Vivre malgré la honte

            Deux des comportements que j’ai hérités des traitements que j’ai vécus dans l’enfance est de prendre les responsabilités et vivre la honte des autres. Quand l’autre me fait du mal, souvent il projette sa honte et ses responsabilités sur moi en essayant de me faire croire que c’est mon comportement ou ma nature profonde qui est responsable de la façon dont il a choisi de me traiter. C’est pour cela que j’ai longtemps été persuadée de mon absence de valeur et de l’impossibilité qu’on m’aime. C’est vrai pour les hommes et les femmes qui m’ont fait du mal dans ma vie. Ces personnes ont toujours toujours essayé de me faire porter le chapeau des situations et c’était toujours toujours faux, même si oui, parfois, j’ai pu, après coup, avoir des comportements non idéaux. Je ne suis pratiquement jamais, au moins depuis les dix dernières années, à l’origine des situations problématiques dans ma vie. Je peux l’affirmer avec certitude parce que toutes ces situations ont été examinées en long et en large en thérapie et parce que je porte toujours une attention particulière à comment je traite les autres au quotidien. Il peut bien sûr m’arriver d’être impatiente ou de commettre des erreurs, mais en général je m’excuse assez rapidement si je juge que c’est nécessaire dans les circonstances. Je ne suis pas parfaite. Ce n’est pas ce que je suis en train de dire. Il reste que la majorité de mes comportements non idéaux suivent pratiquement toujours une situation ou un comportement inacceptables provoquée ou commis par l’autre avant. Je travaille sur mes réactions, oui. 

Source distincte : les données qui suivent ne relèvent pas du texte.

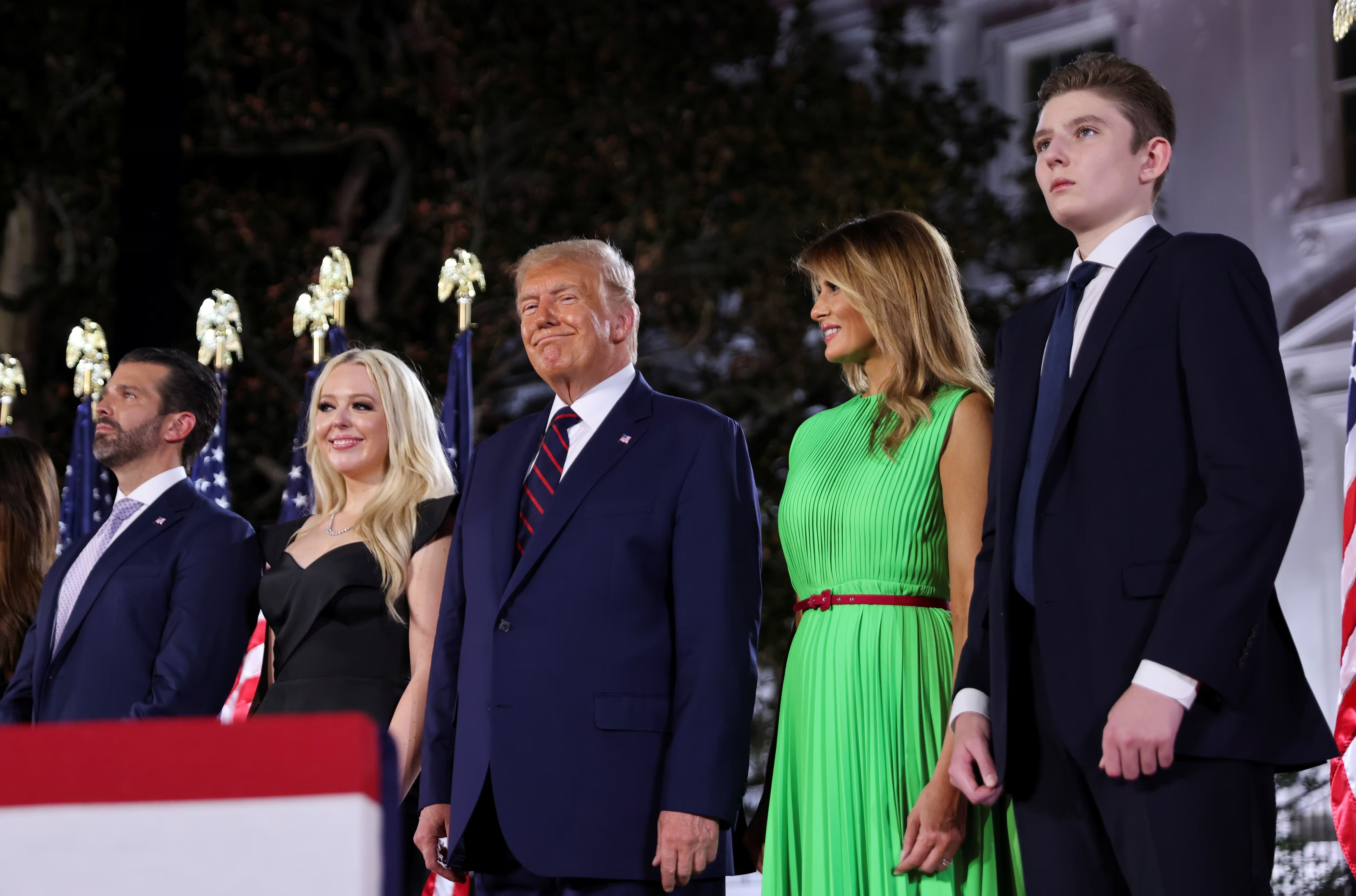 Tổng thống Mỹ Donald Trump bên cạnh đệ nhất phu nhân Melania Trump và các thành viên trong gia đình vào năm 2020. Ảnh: Reuters.
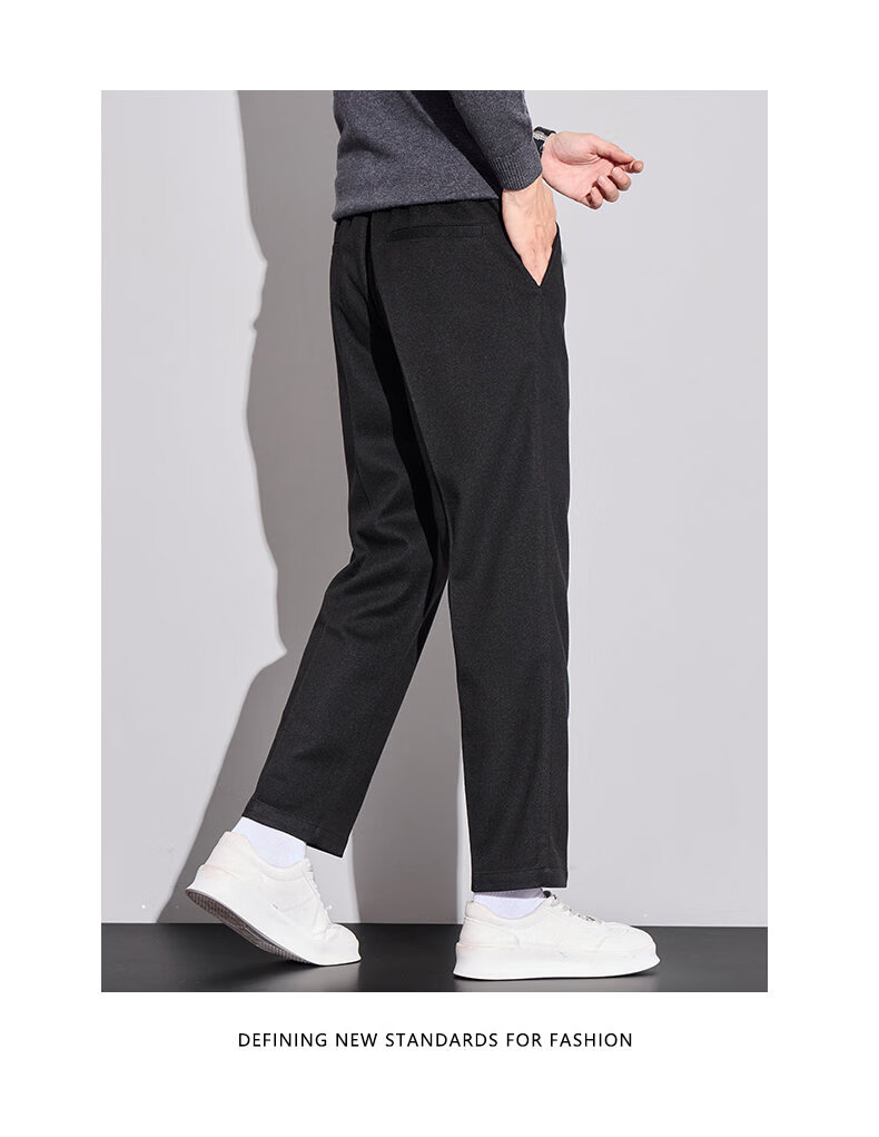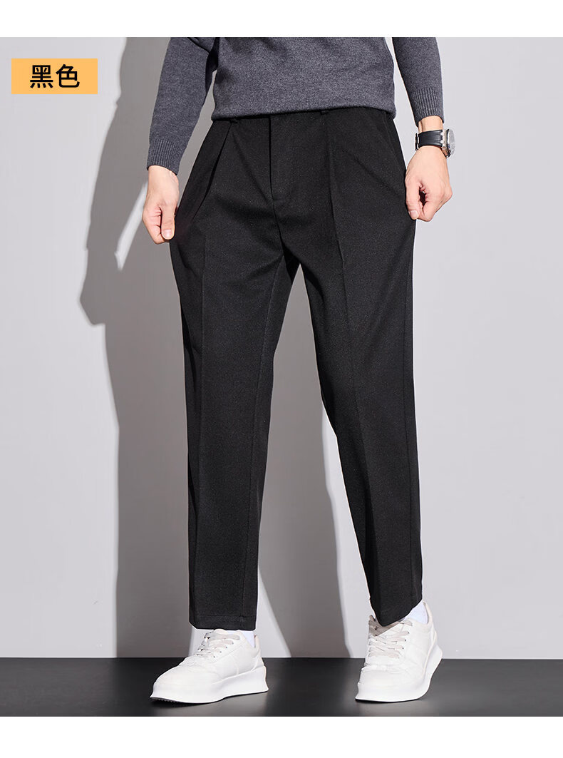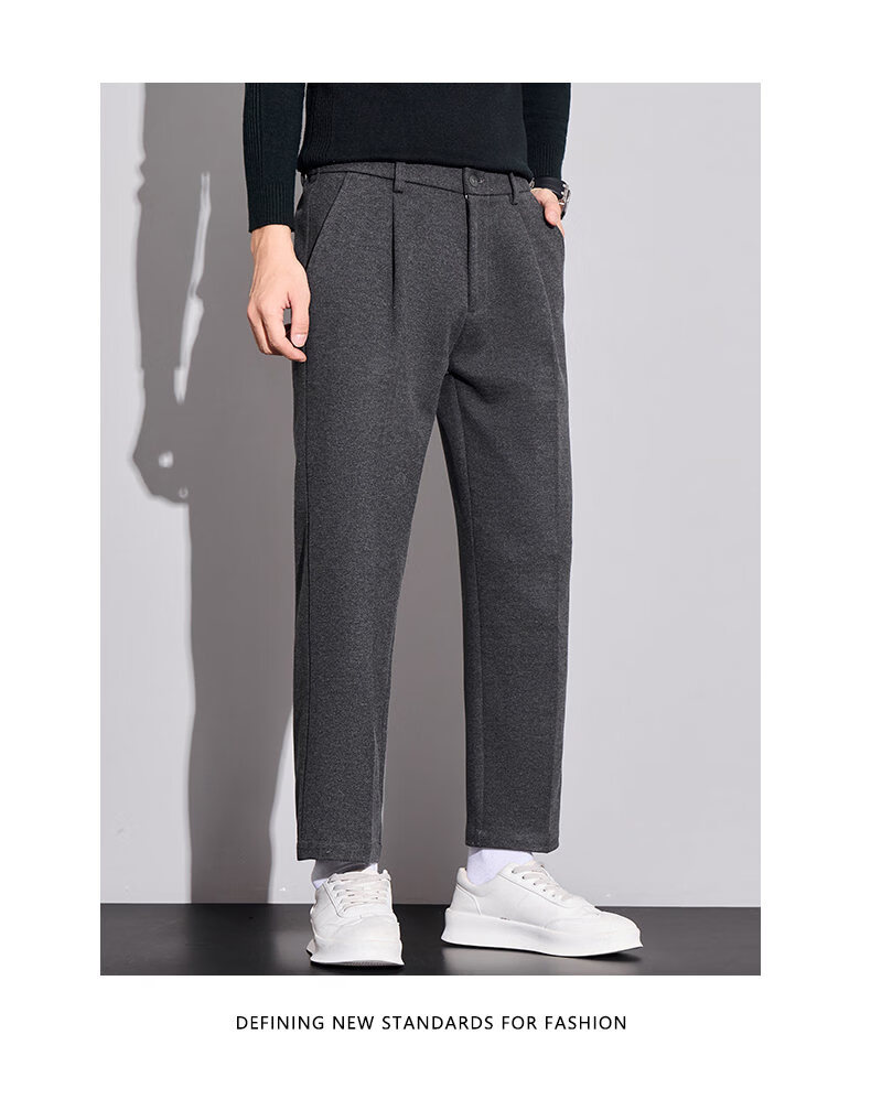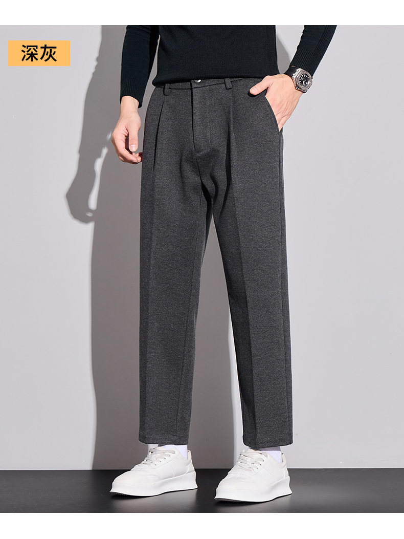 ROMON high-end woolen casual pants men's autumn new loose straight business trendy suit nine-minute long pants autumn and winter dark gray 32

            Cette nuit j’ai fait un rêve particulièrement réaliste au sujet de l’homme de l’an dernier, celui qui a pensé que c’était une bonne idée de me poursuivre ardemment même s’il ne voulait rien de sérieux et qui a pensé que le fait que je lui parle des violences et des traumatismes que j’ai vécus signifiait que je voulais quelque chose de léger… Conclusion erronée et plutôt conne s’il en est une. Vous pouvez trouver ça dur si vous le désirez, mais considérant la façon dont j’ai été traitée et la gravité des conséquences que la situation a eu sur ma vie, je ne pense absolument pas que j’ai à me demander d’être extrêmement respectueuse avec cet homme. Dans le rêve, j’avais accepté d’aller dans un bar avec une amie, chose que je ne fais plus vraiment depuis plusieurs années maintenant. Il était là. Je ne raconterai pas le rêve en entier, mais en gros, il finissait par venir s’excuser. Je me suis réveillée en me sentant toute à l’envers et très mal. Heureusement qu’il y avait deux petites bêtes chaleureuses pour m’accueillir. La journée a donc très mal commencé, mais elle s’adoucit depuis.  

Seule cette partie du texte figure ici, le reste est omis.